The tax may put Nairobi on a collision course with Washington where the protectionist Donald Trump administration has opposed taxing revenue generated by tech giants such as Google, Apple, Facebook and Amazon.
That may feature in ongoing talks between the two countries over a new trade deal ahead of the current pact under Agoa framework that expires in less than five years.
Online transactions tax
What this means is that people whose income is from the “provision of services and products” sourced through the digital marketplace will have to pay the tax. What’s more, the digital service tax will be payable at the time of transfer of payment to service providers.

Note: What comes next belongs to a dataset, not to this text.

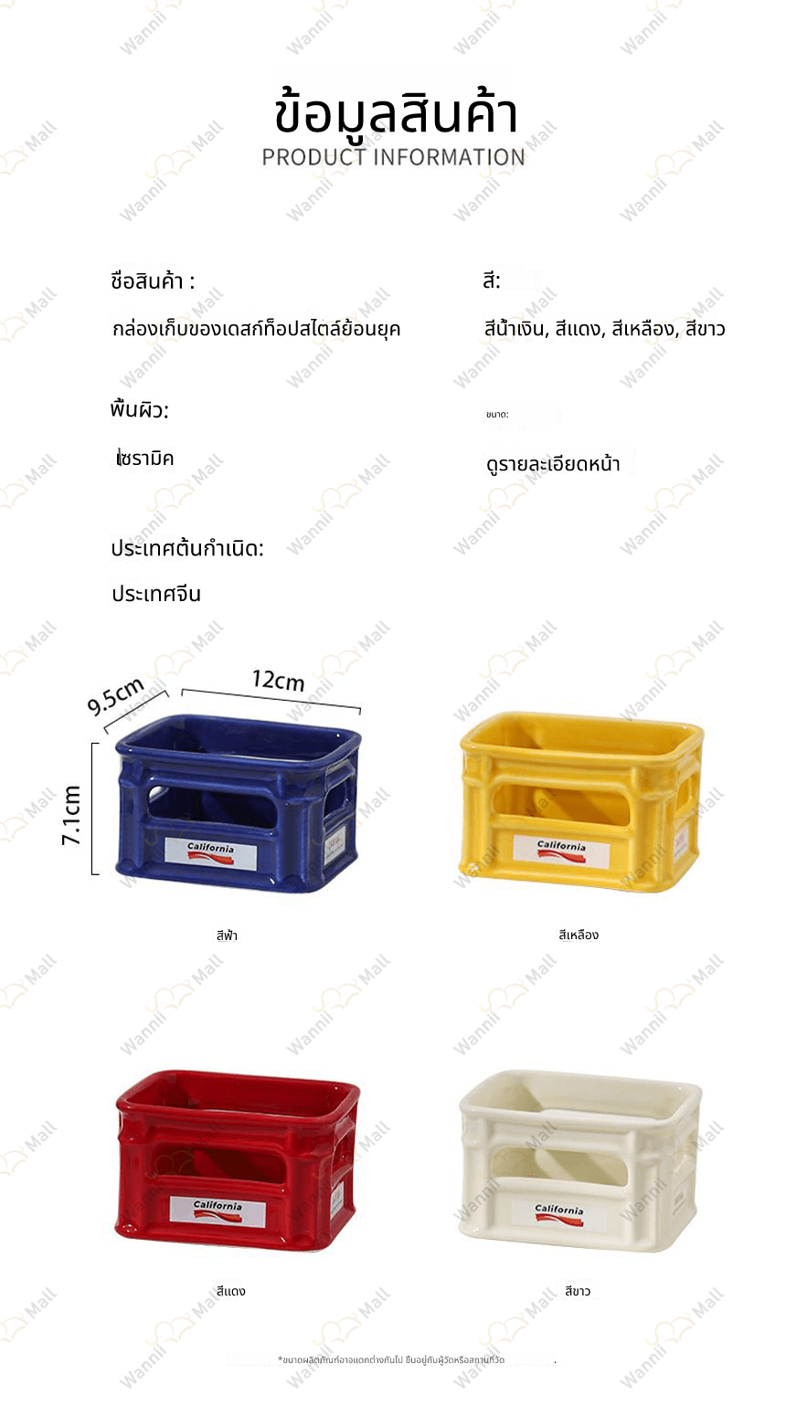 - โฮม > ของใช้ส่วนตัว > อุปกรณ์จัดเก็บ/จัดระเบียบ > ตะกร้าเก็บของ Retro สำหรับตกแต่งโต๊ะ

It is expected that businesses working on the digital marketplace as well as e-commerce companies in Kenya will all be eligible to pay the tax. Further, the law states that in the case of Kenyans or non-residents with permanent establishments in the state, the tax will be available for offset against their income liability for the same year.
According to the act, a “digital marketplace” is defined as “a platform that enables the direct interaction between buyers and sellers of goods and services through electronic means”.
In terms of draft of the bill, the scope of taxable entities includes:
- Mobile applications, e-books, and movies
- E-learning, including the supply of online courses and training
- Supply of digital content for listening, viewing or playing on any audio, visual, or digital media
- Supply of search-engine and automated helpdesk services
- Software, drivers, website filters and firewalls
- Website hosting, online data warehousing, file-sharing and cloud storage services
When the bill was proposed, even loss-making entities were to be tasked to remit tax based on their sales and all companies would also be liable to a minimum gross sales tax of 1%. The new law comes into effect from January 2021.
Online businesses do not necessarily have physical addresses or legal structures in the jurisdictions they operate, making it easy to escape the taxman’s noose as well as counties which issue business permits.
“While the intention of the provision appears to bring into the Kenya tax net non-residents that operate digital marketplaces, the provision is restricted to apps that ‘derive and accrue’ such income from Kenya,” consultants at audit and consultancy PricewaterhouseCoopers (PwC) wrote in a note on the Bill.
The EU Commission proposes to tax the profits of firms via direct tax.
This approach taxes the gross income rather than the net income of the company. Under this option, companies with low-profit margins or losses would be affected if the gross income would be chosen for the tax base. During the G20 Summit last year, taxation of the digital economy including tech giants featured as a top agenda. These firms operate in virtual space rendering it cumbersome to bring them under the local tax radar.
The US has also been against this tax and it is likely that implementation of the tax could prompt a trade war with countries that may view it as targeting their corporates.